É claro que o fato de saber de cor o dingle do Paulino, aquele do “abraço”, do “15 de Zé Alencar, é o 15 de Itamar...”, “é 40, confirma, é Célio” dentre inúmeros outros, contribuiu, e muito, para que eu entrasse no curso de Direito. Só hoje tenho essa consciência de que essa minha fixação política me levou a seguir esse caminho. Sempre fui PT. Hoje em dia é pecado mortal apoiar Dilma, e os 80% de aprovação do Lula me parecem invisíveis pelos que me cercam. O caminho que a política percorreu ao longo da longeva eleição até a que estamos presenciando me fez desfazer em minha cabeça qualquer pensamento em relação a, basicamente, credibilidade de qualquer espécie de legenda, partido e coligação. Não tem lógica alguma. Não preciso me estender muito nesse assunto para me faz explicar, porque os fatos estão escancarados em qualquer imprensa me confirmando. Não me prendo mais em partidos. Partidos não existem, o sistema eleitoral proporcional é um lixo, confunde e emburrece o eleitor cada vez mais e mais, a ponto de ninguém saber nem mais se o candidato em que votou foi eleito ou não.

Os males e as mazelas do Brasil não são de hoje. O Collor não conseguia governar porque não tinha maioria no Congresso. A maioria no Congresso hoje pertence às grandes coligações, que se elegem em massa através do voto eleitoral e dos puxadores de votos, que se elegem, com mais alguns na carona. Seria interessante essa lógica do sistema proporcional se houvesse, de fato, identidade partidária. O voto eleitoral foi criado para tal fim.

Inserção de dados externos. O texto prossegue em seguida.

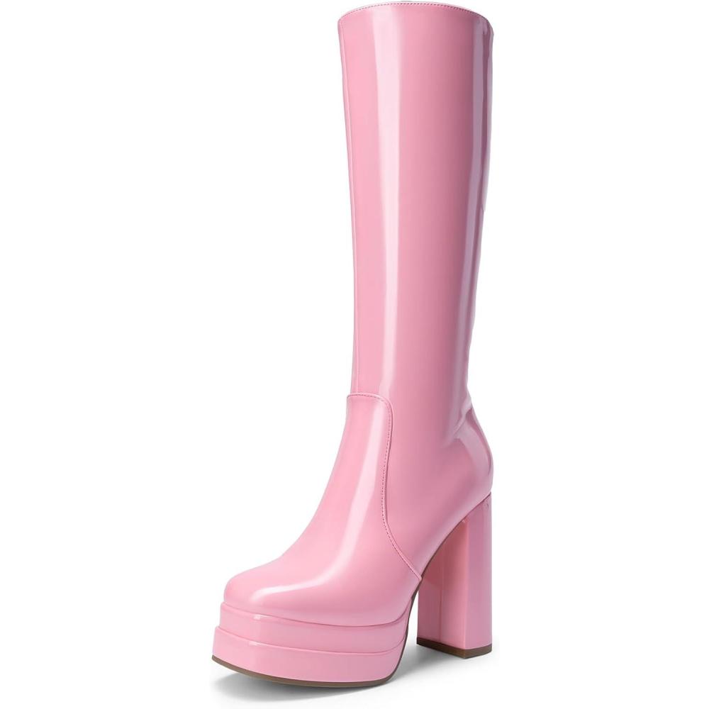 imageDREAM PAIRS Womens Platform Heeled Knee High Boots Long Chunky Tall Gogo Boots for FallPink
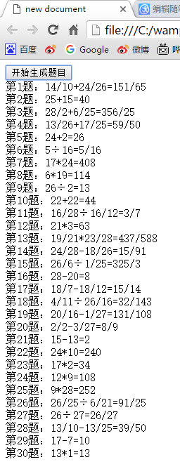<!DOCTYPE html PUBLIC "-//W3C//DTD XHTML 1.0 Transitional//EN" "http://www.w3.org/TR/xhtml1/DTD/xhtml1-transitional.dtd"><html xmlns="http://www.w3.org/1999/xhtml"> <head> <title> new document </title> <meta http-equiv="Content-Type" content="text/html; charset=utf-8"> <meta name="generator" content="editplus" /> <meta name="author" content="" /> <meta name="keywords" content="" /> <meta name="description" content="" /> </head> <body> <button type='button' onclick="play_all()">開始生成題目</button> <span id="text"></span> </body> <script> function GetRandomNum(Min,Max) { var Range = Max - Min; var Rand = Math.random(); return(Min + Math.round(Rand * Range)); } function max_num(x,y) { var t; while (y) { t = x%y; x = y; y = t; } return x; } function fenshu(a,b,p) { if (p==1) { if (a>b) { return a+"/"+b; }else if(a<b){ return a+"/"+b; }else { return 1; } }else { var x=a/p; var y=b/p; if(y==1){ return x; }else{ return x+"/"+y; } } } function f_count(a,b,c,d) { var Arr = ["+","-","*","/"]; var n = GetRandomNum(0,3); switch(Arr[n]){ case "+":{ var sum_x=(a*d)+(b*c); var sum_y=b*d; max_x=max_num(sum_x,sum_y); max_y=max_num(sum_x,sum_y); var N=fenshu(sum_x,sum_y,max_x); return a+"/"+b+"+"+c+"/"+d+"="+N; break; } case "-":{ var sum_x=(a*d)-(b*c); while (sum_x<0) { var a = GetRandomNum(1,30); var b = GetRandomNum(1,30); var c = GetRandomNum(1,30); var d = GetRandomNum(1,30); var sum_x=(a*d)-(b*c); } var sum_y=b*d; max_x=max_num(sum_x,sum_y); max_y=max_num(sum_x,sum_y); var N=fenshu(sum_x,sum_y,max_x); return a+"/"+b+"-"+c+"/"+d+"="+N; break; } case "*":{ var sum_x=a*c; var sum_y=b*d; max_x=max_num(sum_x,sum_y); max_y=max_num(sum_x,sum_y); var N=fenshu(sum_x,sum_y,max_x); return a+"/"+b+"*"+c+"/"+d+"="+N; break; } case "/":{ var sum_x=a*d; var sum_y=b*c; max_x=max_num(sum_x,sum_y); max_y=max_num(sum_x,sum_y); var N=fenshu(sum_x,sum_y,max_x); return a+"/"+b+"÷"+c+"/"+d+"="+N; break; } } } function count(a,b){ var Arr = ["+","-","*","/"]; var n = GetRandomNum(0,3); switch(Arr[n]){ case "+":{ var sum=a+b; return a+"+"+b+"="+sum; break; } case "-":{ var sum=a-b; while(sum<0){ var a = GetRandomNum(1,30); var b = GetRandomNum(1,30); var sum=a-b; } return a+"-"+b+"="+sum; break; } case "*":{ var sum=a*b; return a+"*"+b+"="+sum; break; } case "/":{ var sum=a/b; while(a%b!==0){ var max_x=max_num(a,b); var N=fenshu(a,b,max_x); return a+"÷"+b+"="+N; } return a+"÷"+b+"="+sum; break; } } } function pl_f() { var son_a = GetRandomNum(1,30); var par_b = GetRandomNum(1,30); var son_c = GetRandomNum(1,30); var par_d = GetRandomNum(1,30); var suma=f_count(son_a,par_b,son_c,par_d); return suma; } function pl() { var a = GetRandomNum(1,30); var b = GetRandomNum(1,30); var sumb=count(a,b); return sumb; } function play_all() { for (i = 1; i <=30; i++) { var a = GetRandomNum(0,1); document.getElementById("text").innerHTML+=("<br>"+"第"+i+"題:"); switch (a) { case 0: var A=pl(); document.getElementById("text").innerHTML+=(A); break; case 1: var B=pl_f(); document.getElementById("text").innerHTML+=(B); break; } } } </script></html>執行完節目就成這樣的啦

Valorizar o partido. O mandato não é do candidato, é do partido. Tudo bem, mas não há nenhuma lógica, hoje em dia, em acreditar que os grandes candidatos tem identidade partidária. Não tem. Ninguém tem.

A crista da onda, Marina, que era do extremo PT esta próxima de se aliar ao PSDB. Ela está certa? Não sei, mas, acima do direito de repensar sua posição, que é legítimo, há um fato interessante quando se observa que por um objetivo político, as coligações são formadas, descrendo qualquer ilusão de oposição real no Brasil. Um exemplo claro, para nós Mineiros, foi o apoio de Jô Moraes, militante ferrenha do PC do B, ao canastrão do Leonardo Quintão, do PMDB, que por sua vez era apoiado pelo Newtão, velho conhecido nosso, de passado e presente pouco nobres e fortuna inexplicável de alguns bilhões. Bilhões. Porque? Porque do outro lado dessa eleição para Prefeito de Belo Horizonte havia o Márcio Lacerda, que acabou vencedor, do PSB, apoiado pelo então Governador Aécio Neves, do PSDB, e pelo então Prefeito Fernando Pimentel, do PT. Abre aspas: Nessa eleição de 2010 ambos foram candidatos a Senador e Aécio apoiou Itamar, que foi eleito junto com ele. Pimentel não.
Então, vejamos: PT e PSDB juntos, depois separados, PMDB junto com o PC do B, e depois somos empurrados pelo voto proporcional, que nos faz engolir, goela abaixo, a tal identidade partidária, que nos empurra candidatos que desconhecemos a nossos representantes no grande congresso de despachantes que virou o Congresso Nacional.

O sistema de leis é falho, pois hoje em dia quem legisla as questões realmente determinantes, e daí se exclui a criação do dia do Atlético Mineiro, dia do isso, e dia do não sei aquilo, é o Executivo, que elabora as leis, de acordo com seus interesses governamentais, e envia as Emendas Constitucionais, as Leis Ordinárias que alteram alíquotas e criam Tributos, enfim, o que importa, e por meio de um de seus despachantes, e daí, leia-se, deputado da base governista, as envia como proposta de leis, e as aprova, com sua maioria congressista. Maioria essa formada, diga-se de passagem, por aqueles que desconhecemos.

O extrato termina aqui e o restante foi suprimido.